Waiting for the “cable guy” is a weirdly anachronistic activity that all too many of us have to engage in. The numbers in the survey show that 82 percent of us wait for at least a day a year, while 63 percent wait two days or more. When you consider that this amounts to you trading in your scarce vacation days for the honor of sitting and waiting (and hoping the technician shows up and is able to fix the problem), this is something people should - and do - take very personally.
I know I do. Here’s my story: I live in sleepy Alameda, a town of about 40,000 on an island just west of Oakland, California. Until earlier this year, we had our own dumpy little cable company, which was taken over by Comcast, whose first moves were to raise the prices, drop several channels from the package I had, and then restrict our Internet bandwidth (a nugget I pulled out of a technician who came to investigate my complaints and solved them by adjusting the amount of signal from a control box down the street). They also air commercials all over local TV incessantly, so I guess we know where their customer efforts are focused (new customer acquisition).

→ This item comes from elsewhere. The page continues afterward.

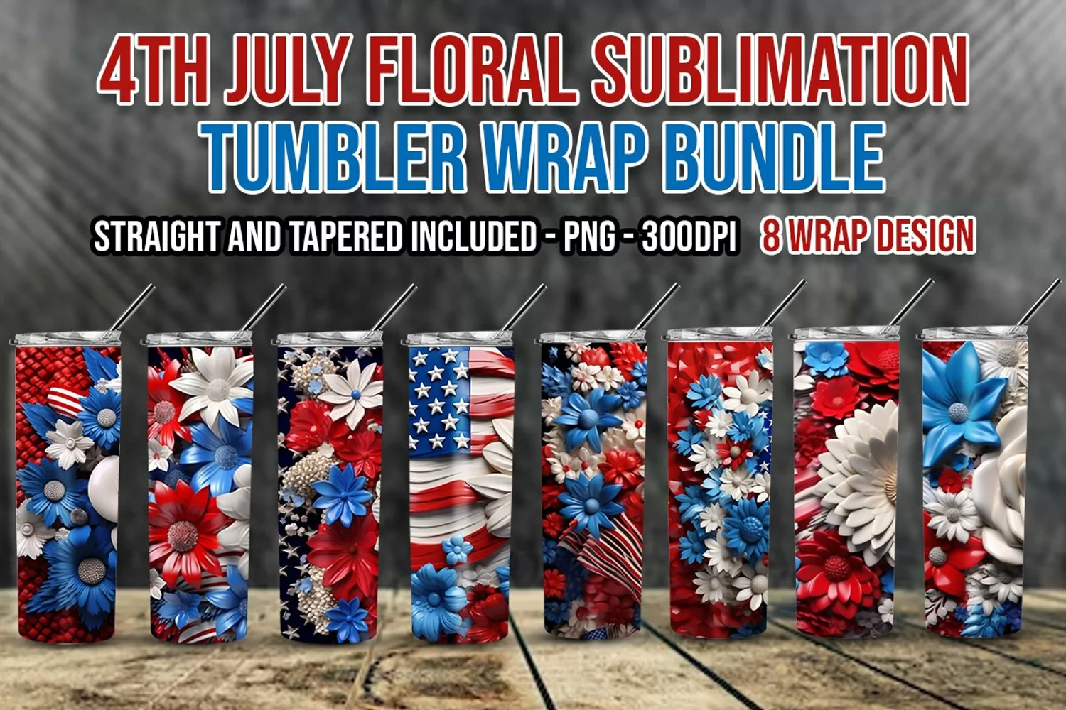 4th of July 3D Floral Sublimation Wrap Bundle example image 1

Comcast didn’t get to where it is by being dumb. By that I do not mean dumb about customer relationships. I mean dumb about doing what’s best for Comcast. The company decided to make half our basic channels digital (for reasons I have yet to hear explained very well). In order to see all the channels you’re being gouged for, the subscriber needs to hook up a converter and an additional box to his televisions – all of them – and use a new remote control. Toward that end, Comcast sent me two very large boxes filled with converters, remote units, cables, and many, many booklets.
So, instead of having to wait on a technician, I get to take a half a day to assemble this collection of stuff – pull out the TV, screw and unscrew multiple wires into multiple boxes, then call to activate them – just so I can continue to get what I’m paying for. Well, that sure beats a technician’s visit! I mean, from Comcast’s point of view. They could save a fortune if they could get the customers to do all their own field support!
From my point of view – y’know, that of the customer – it’s a massive pain. I look at the pile of devices that right now take up most of my dining room table and I can only imagine what this mound of technology looks like to an older, less tech-savvy person. Any money Comcast is saving by having all its customers go DIY is going to be eaten up by calls to the call center, and the result is not going to be happier customers.
I know Comcast’s Frank Eliason is a real social CRM guru (in fact, he’s a Rock Star of Social CRM!), but the stuff I and other subscribers suffer through is not going to be solved by some responsive Twittering. This is CRM sub-1.0 stuff – don’t make it hard for people to use your products and services. Companies do this by failing to create customer-centric processes and instead basing all decisions on what’s best for the company.
The one thing Comcast could have done to make this more palatable would have been to encase my mandatory new remote in that Nerf material. Then I could have thrown it at the TV every time I see a Comcast commercial.